I recently replied to a comment that I think warrants a full blog post.
I’ve been here at Cisco working on programmability for a few years. Brian Turner wrote in to say, essentially: Hang on! I became a network engineer precisely because I don’t want to be a coder! I tried programming and hated it! Now you’re telling me to become a programmer!
As I said in my reply, I have a lot of sympathy for him. It reminds me of a story.
Back when I was at Juniper, I met with the IT department’s head of automation to discuss using some of his tools for network automation. Jeremy was an expert in all things Puppet and Ansible, and a rather enthusiastic promoter of these tools on the server/app side of the house. He had also managed to get Puppet running on a Junos device. I was meeting with him because, frankly, the wind seemed to be blowing in his direction. That said, I did not share his enthusiasm. He told me about a server guy he had worked with, Stephane. When Jeremy proposed to Stephane that he should use automation tools to make his life easier, Stephane vehemently rejected the idea, and the meeting ended with Stephane banging his fists on the table and shouting “I am not a coder!”
Flash forward a couple years and Stephane ended up the head of automation for a major company. Apparently he finally bought into the idea.
Frankly I had no desire to become a coder either. When I interviewed at Cisco, most of my discussions were around the controllers I was working with at the time, data center fabrics, etc. When I arrived, my new boss assigned me as his Principal TME for programmability. I never claimed to be an expert in this area. Two months later I was presenting to Tech Field Day, and experienced automation guys like Jason Edelman and Matt Oswalt on how to run Puppet on a Nexus switch. Three years later and I’m known as a NETCONF/YANG guy. I’d barely heard of them when I started.

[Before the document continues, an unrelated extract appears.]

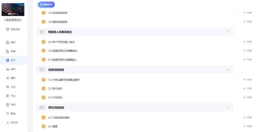 2.学习通在线课程资源丰富。与教材配套的视频、教案、课件等资源齐全,方便学生课后复习巩固。针对C语言课程的特点,需要学生勤于上机练习,平台上为学生提供了2种免费绿化版编译器,并配有教学视频、操作教程,使学生可快速上手练习体验,不必拘泥等待实验课的开放。

As I replied to Brian, Cisco doesn’t want him or anyone to learn Python or YANG or whatever. Think about it from my perspective in product management. Implementing YANG models for all of IOS XE is a massive undertaking. Engineering devoted a huge amount of effort to pull this off. Huge. Mandating YANG models for their ongoing development burns cycles. Product marketing and engineering would never prioritize this unless we thought there was a high probability someone would use it. In other words, we don’t want people to use it so much as customers want us to develop it. We have demand for programmable interfaces for network devices, and hence we’ve delivered on it. My job as a TME is not to push NETCONF/YANG on anyone, but to provide the enablement to make it easier for someone to use this technology if they themselves want to.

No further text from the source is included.